─── Data listing ───
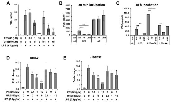 PGE2 is a typical lipid mediator that is induced in response to inflammation. To examine the effects of FAAH inhibitors on inflammation, production of PGE2 was measured in BV2 cells treated with the FAAH inhibitors under the LPS treatment condition. Both PF3845 and URB597 dose-dependently reduced the production of PGE2 after 18 h incubation (Figure 2A). To determine whether the two inhibitors block the inducible PGE2 biosynthetic enzymes directly, the BV2 cells, which were previously incubated with LPS overnight to induce biosynthetic activity, were treated with the inhibitors for a short period of time (30 min). In the presence of AA, PGE2 production was not inhibited by either of these inhibitors; however, it was completely blocked when AEA was used as a substrate (Figure 2B). These results suggest that the FAAH inhibitors blocked FAAH, which converts AEA to AA, but did not directly inhibit the enzymes that metabolize AA to PGE2. Conversely, when cells were incubated with LPS and FAAH inhibitor in the presence of AA or AEA for a long period of time (18 h), PGE2 production was substantially inhibited by PF3845 not only in the presence of AEA but also in the presence of AA (Figure 2C). The reduction of PGE2 in the presence of AA was not affected by URB597. These results indicated that PF3845 could suppress PGE2 synthesis after 18 h treatment. Consistently, the mRNA expression of the chief PGE2 synthetic enzymes, cyclooxygenase-2 (COX-2) and microsomal PGE synthase 2 (mPGES2), was reduced dose-dependently after 18 h incubation with PF3845, whereas URB597 did not attenuate the expression of COX-2, and only at 10 µM did it show partial inhibition on the expression of mPGES2 (Figure 2D,E).
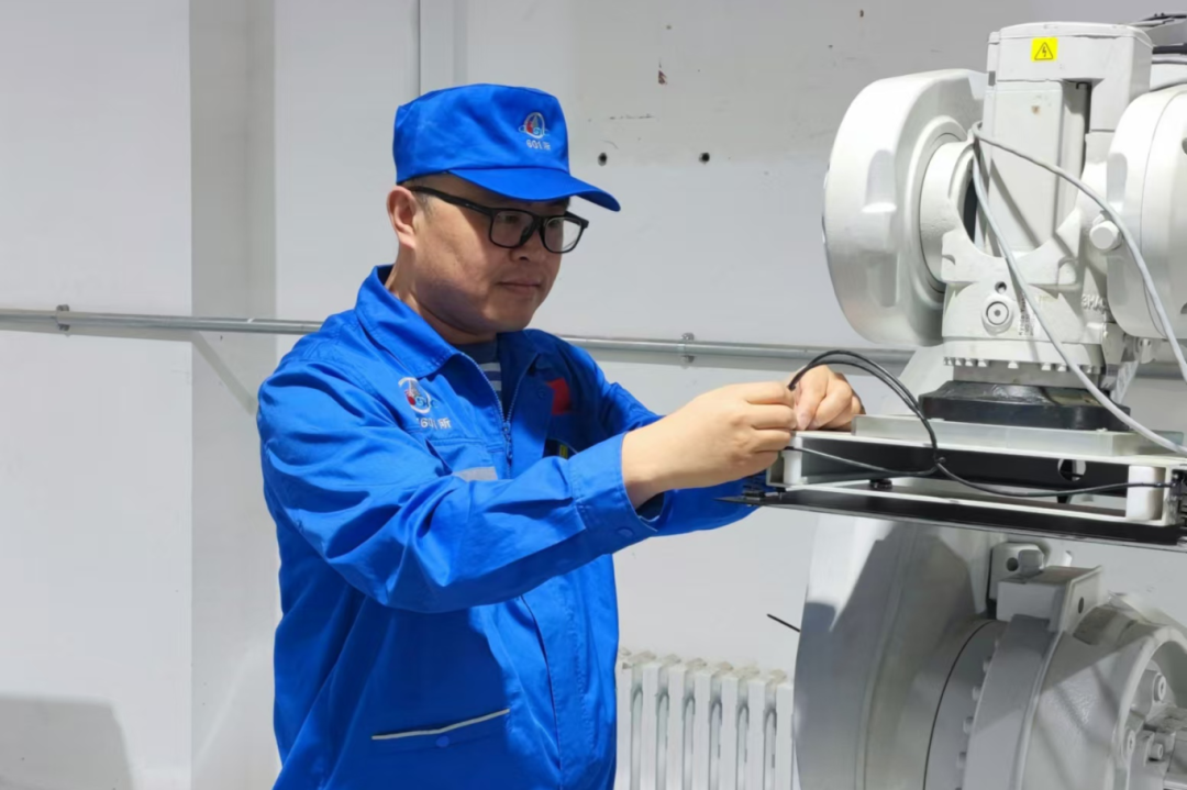 六院科保动力分公司水暖运行组职工正在检测厂区供暖系统燃气管道,确保供暖运行安全,保障六院科研生产不受气温骤降的影响。
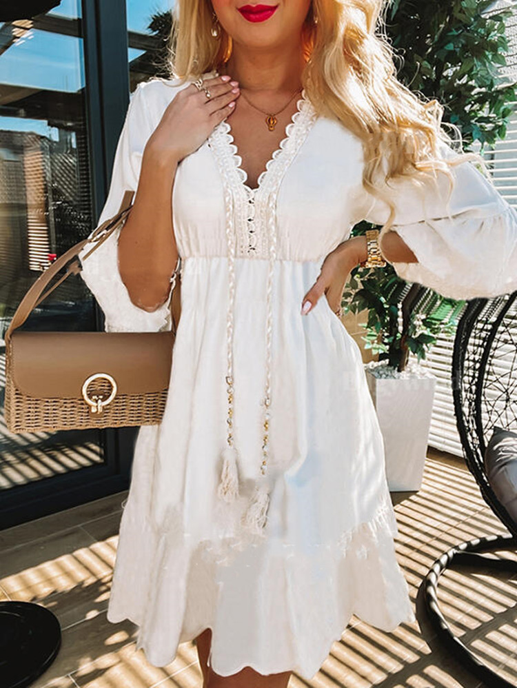 White Tassel Petal Three-Quarter Sleeve Casual Dress
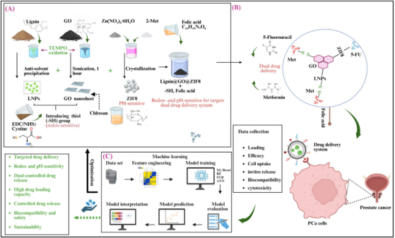 本研究提出一种人工智能(AI)引导的多刺激响应纳米药物递送新策略。以天然可再生木质素为核心,构建 Lignin@GO@ZIF-8 复合纳米载体,实现pH/氧化还原双响应释药机制。该体系可在肿瘤特有的弱酸性与高谷胱甘肽(GSH)环境中快速释放药物,而在正常生理条件下保持稳定。同时,实现5-FU与二甲双胍(Metformin)的协同共递送,在肿瘤细胞内发挥多通路抗癌作用。研究结果表明,在肿瘤模拟环境中药物释放显著增强;在前列腺癌 LNCaP 细胞中,72 h 细胞活性最低降至18%,同时对正常细胞保持良好生物相容性。该研究展示了“AI + 天然生物质材料”在智能纳米医学中的应用潜力,为可预测、低成本的精准药物递送体系提供了技术支撑。
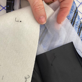 This shirt had a nice V-neck, and I decided to just keep it, but let the tie overlap that neckline as you can see in this photo of the neckline. Before using the tie, I take it apart, removing the stitching holding it together down the center back, and taking out the bias interfacing. I don't throw that away though - as it makes GREAT sleeve heads in jackets. See the first photo in the strip of 3 photos below.
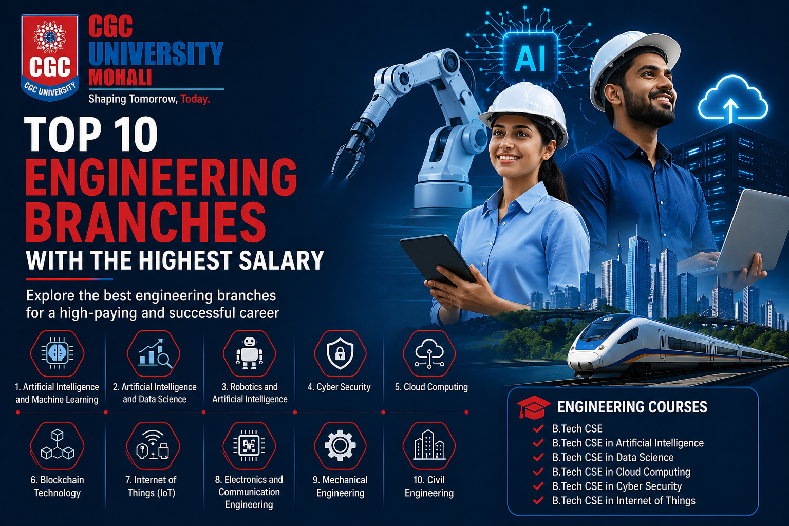 Engineering offers diverse career opportunities, but choosing the right specialization is the key to success. Courses like B.Tech CSE in Artificial Intelligence and Machine Learning, B.Tech CSE in Data Science, and B.Tech CSE in Cloud Computing provide excellent salary potential and future growth.
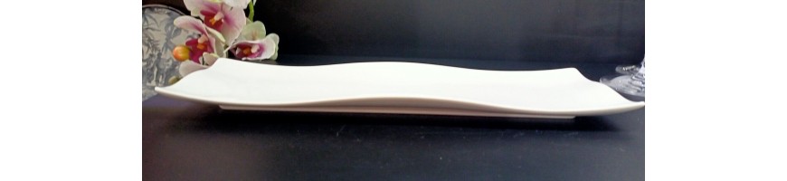 Piatto Antipasti/Sushi Helton, profili ondulati in fine porcellana bianca 39cm
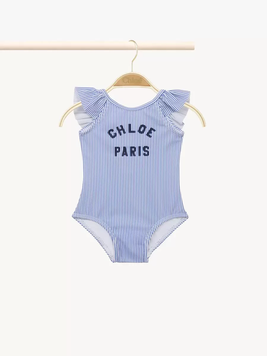 This striped one-piece swimsuit combines ruffled shoulders and a scoop back with a contrast Chloé Paris logo print at the front.
───
> [Work instruction]
For the entries above, print exactly the lines between the one with "六院科保动力分公司水暖运行组" and the one with "Piatto Antipasti/Sushi Helton, profili", inclusive, with no pictures.

> [Task response]
 六院科保动力分公司水暖运行组职工正在检测厂区供暖系统燃气管道,确保供暖运行安全,保障六院科研生产不受气温骤降的影响。
 White Tassel Petal Three-Quarter Sleeve Casual Dress
 本研究提出一种人工智能(AI)引导的多刺激响应纳米药物递送新策略。以天然可再生木质素为核心,构建 Lignin@GO@ZIF-8 复合纳米载体,实现pH/氧化还原双响应释药机制。该体系可在肿瘤特有的弱酸性与高谷胱甘肽(GSH)环境中快速释放药物,而在正常生理条件下保持稳定。同时,实现5-FU与二甲双胍(Metformin)的协同共递送,在肿瘤细胞内发挥多通路抗癌作用。研究结果表明,在肿瘤模拟环境中药物释放显著增强;在前列腺癌 LNCaP 细胞中,72 h 细胞活性最低降至18%,同时对正常细胞保持良好生物相容性。该研究展示了“AI + 天然生物质材料”在智能纳米医学中的应用潜力,为可预测、低成本的精准药物递送体系提供了技术支撑。
 This shirt had a nice V-neck, and I decided to just keep it, but let the tie overlap that neckline as you can see in this photo of the neckline. Before using the tie, I take it apart, removing the stitching holding it together down the center back, and taking out the bias interfacing. I don't throw that away though - as it makes GREAT sleeve heads in jackets. See the first photo in the strip of 3 photos below.
 Engineering offers diverse career opportunities, but choosing the right specialization is the key to success. Courses like B.Tech CSE in Artificial Intelligence and Machine Learning, B.Tech CSE in Data Science, and B.Tech CSE in Cloud Computing provide excellent salary potential and future growth.
 Piatto Antipasti/Sushi Helton, profili ondulati in fine porcellana bianca 39cm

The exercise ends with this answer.